Responsible parenting should be the objective for all parents regardless of their sexual preferences. I think that children should be taught to respect the relationship between the parents and their privacy. That said...I know for a fact that most kids are snoops by nature.  I have always kept my bedroom door closed and inside is a closet that is always locked. My hubby and I have always taken naked pics of each other and once long ago a video was made...all in the closet. Also in the closet is my laptop, any other objects related to our private lives and  that is where I keep banking and credit records which I also consider private. This is how it has always been in our home , even before we began 'to masturbate using an outsiders body'   Surely there are things that you keep private.

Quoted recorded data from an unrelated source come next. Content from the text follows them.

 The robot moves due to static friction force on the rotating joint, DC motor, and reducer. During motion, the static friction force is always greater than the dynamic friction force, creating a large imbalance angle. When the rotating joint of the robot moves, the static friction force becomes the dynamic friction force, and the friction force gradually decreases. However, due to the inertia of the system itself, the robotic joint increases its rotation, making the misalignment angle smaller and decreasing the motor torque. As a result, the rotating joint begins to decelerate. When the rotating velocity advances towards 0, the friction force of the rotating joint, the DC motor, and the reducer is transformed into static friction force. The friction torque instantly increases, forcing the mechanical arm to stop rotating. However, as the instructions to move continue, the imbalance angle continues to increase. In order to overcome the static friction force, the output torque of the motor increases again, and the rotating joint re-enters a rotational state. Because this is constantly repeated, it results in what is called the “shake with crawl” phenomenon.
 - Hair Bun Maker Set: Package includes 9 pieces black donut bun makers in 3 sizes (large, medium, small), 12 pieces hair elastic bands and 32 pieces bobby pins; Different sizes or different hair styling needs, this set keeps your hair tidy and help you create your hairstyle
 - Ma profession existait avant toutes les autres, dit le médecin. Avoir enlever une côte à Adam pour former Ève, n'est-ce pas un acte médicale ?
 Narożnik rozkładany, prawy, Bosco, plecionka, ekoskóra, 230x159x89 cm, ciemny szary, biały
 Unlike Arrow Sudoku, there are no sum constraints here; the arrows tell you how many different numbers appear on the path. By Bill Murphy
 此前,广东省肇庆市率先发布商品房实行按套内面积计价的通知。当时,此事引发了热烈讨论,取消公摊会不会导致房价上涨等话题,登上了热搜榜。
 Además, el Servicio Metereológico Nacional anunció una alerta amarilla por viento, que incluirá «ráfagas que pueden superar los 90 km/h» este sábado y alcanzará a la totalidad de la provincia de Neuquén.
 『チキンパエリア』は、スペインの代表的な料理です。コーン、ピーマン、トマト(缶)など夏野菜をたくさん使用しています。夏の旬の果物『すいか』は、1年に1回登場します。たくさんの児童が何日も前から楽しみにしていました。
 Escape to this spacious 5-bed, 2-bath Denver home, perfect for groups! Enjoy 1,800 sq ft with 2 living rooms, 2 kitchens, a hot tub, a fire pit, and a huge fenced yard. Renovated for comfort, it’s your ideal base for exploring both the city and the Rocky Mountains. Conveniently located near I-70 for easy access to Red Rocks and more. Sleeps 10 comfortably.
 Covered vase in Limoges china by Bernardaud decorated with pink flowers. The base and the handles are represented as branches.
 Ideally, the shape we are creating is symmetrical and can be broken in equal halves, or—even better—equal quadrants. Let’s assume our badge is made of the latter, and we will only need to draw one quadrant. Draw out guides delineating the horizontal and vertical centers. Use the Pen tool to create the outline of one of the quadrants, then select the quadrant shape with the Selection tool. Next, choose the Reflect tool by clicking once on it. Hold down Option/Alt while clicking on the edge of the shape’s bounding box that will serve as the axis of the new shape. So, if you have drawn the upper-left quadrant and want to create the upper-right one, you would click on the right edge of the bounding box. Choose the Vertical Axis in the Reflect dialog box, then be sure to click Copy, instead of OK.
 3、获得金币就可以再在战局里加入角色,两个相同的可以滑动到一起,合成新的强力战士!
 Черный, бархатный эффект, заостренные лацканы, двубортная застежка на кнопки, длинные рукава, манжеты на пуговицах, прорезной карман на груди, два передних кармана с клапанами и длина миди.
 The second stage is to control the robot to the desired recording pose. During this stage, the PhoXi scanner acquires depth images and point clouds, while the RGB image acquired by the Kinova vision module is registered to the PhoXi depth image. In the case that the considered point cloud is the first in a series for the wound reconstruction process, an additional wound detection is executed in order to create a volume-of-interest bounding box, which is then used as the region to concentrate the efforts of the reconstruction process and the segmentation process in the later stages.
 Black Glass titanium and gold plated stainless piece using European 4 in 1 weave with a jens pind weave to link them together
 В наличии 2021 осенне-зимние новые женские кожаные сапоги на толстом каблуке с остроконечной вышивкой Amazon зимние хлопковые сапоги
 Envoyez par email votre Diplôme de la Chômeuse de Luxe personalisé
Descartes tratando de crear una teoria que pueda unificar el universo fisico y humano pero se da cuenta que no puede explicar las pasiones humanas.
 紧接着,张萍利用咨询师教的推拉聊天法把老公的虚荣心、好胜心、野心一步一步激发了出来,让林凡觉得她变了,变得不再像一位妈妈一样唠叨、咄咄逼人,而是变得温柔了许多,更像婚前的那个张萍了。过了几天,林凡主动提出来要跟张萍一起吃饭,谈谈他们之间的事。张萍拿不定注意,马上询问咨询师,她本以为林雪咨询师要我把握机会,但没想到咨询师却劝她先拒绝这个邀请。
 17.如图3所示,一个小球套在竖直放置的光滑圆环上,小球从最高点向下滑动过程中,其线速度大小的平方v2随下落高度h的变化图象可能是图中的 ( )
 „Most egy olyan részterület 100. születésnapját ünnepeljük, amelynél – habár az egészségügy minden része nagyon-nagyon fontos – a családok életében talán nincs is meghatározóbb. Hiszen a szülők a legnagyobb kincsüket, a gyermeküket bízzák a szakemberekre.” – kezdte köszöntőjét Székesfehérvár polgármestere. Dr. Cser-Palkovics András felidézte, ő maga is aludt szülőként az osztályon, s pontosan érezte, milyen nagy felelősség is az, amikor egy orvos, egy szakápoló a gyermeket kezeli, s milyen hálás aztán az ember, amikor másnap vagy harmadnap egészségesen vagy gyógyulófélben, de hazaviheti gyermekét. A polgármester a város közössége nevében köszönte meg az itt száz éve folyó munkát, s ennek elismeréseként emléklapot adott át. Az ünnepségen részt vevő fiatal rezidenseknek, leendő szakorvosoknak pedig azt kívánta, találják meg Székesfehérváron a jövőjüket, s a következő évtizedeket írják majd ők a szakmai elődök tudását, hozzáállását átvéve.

I do not hide what I do, what we do...out of the context of sex it is not Necessary or prudent for anyone to know what goes on behind closed doors. The difference between secrecy and privacy is a matter of shame...I have nothing that I feel ashamed of. I sincerely hope you don't either.

 

 

 

Without picking apart your post piece by piece.... (I just don't have that kind of time, sorry.)

 

In short... for people to engage in the swinging lifestyle, it is necessary to stretch boundaries beyond the norm of human conditioning. That's not a guess, it is fact. Often times, serious personality disorders and/or sexual addictions are at the forefront of such sexual behaviors. Once these addictions/disorders are fed, they become habit. Just like any other "junkie" people will do whatever is necessary to get their "fix." In the case I stated, it most definitely was the swinging that ended the marriage. Why? Because the mere act of swinging blurred the lines between acceptable vs. unacceptable behavior. It stretched an already overly thin boundary to it's breaking point to satisfy an addiction.

 

As far as the masturbation statement...

 

When one engages in sexual gratification with another person whom they do not have an emotional and/or strong physical connection, it quite simply is.... nothing more than the act of using someone elses body for the purposes of maturbation. There is no true intimacy with a stranger, therefore it becomes nothing short of a sexual release. Much like a teenage boy thumbing through a Playboy magazine and masturbating at the images he sees. It is a purely mechanical behavior with the end result being sexual gratification. The same may be said of people who prefer to watch their spouses engaging in sexual activities with someone else.

If you believe that you and your husband are using each other's bodies to maturbate with, then maybe you don't share as strong a bond with each other as you claim. If there is no difference in the type of sexual satisfaction/intimacy that you share with your spouse than with the strangers that you meet online or at some swingers club.... you have just proved my point.

 

Addressing the issue of children again... is your need for sexual pleasure so much more important than your children? Scenario: A friend of your child's stumbles upon information that you thought you covered up and hid behind locked doors. This friend decides to share said information say, at school for instance. Before you know it, your child is being ridiculed by schoolmates because of your choices. Is that fair??? I know,  right now you're thinking,"that would never happen!" Yes, it most certainly can. It most certainly has. This is probably the least of bad things that could happen.

 

Where my opinions are based from??? Well documented studies of sexual addiction, as well as the DSM (Diagnostics and Statistical Manual of Mental Disorders.) The terms: sexual promiscuity/deviancy (including by not limited to multiple partners, orgies, etc.) impulsivity, obsessed with fantasies of unlimited sexual performance, etc. start to jump right off the page at you. It's all there in black and white.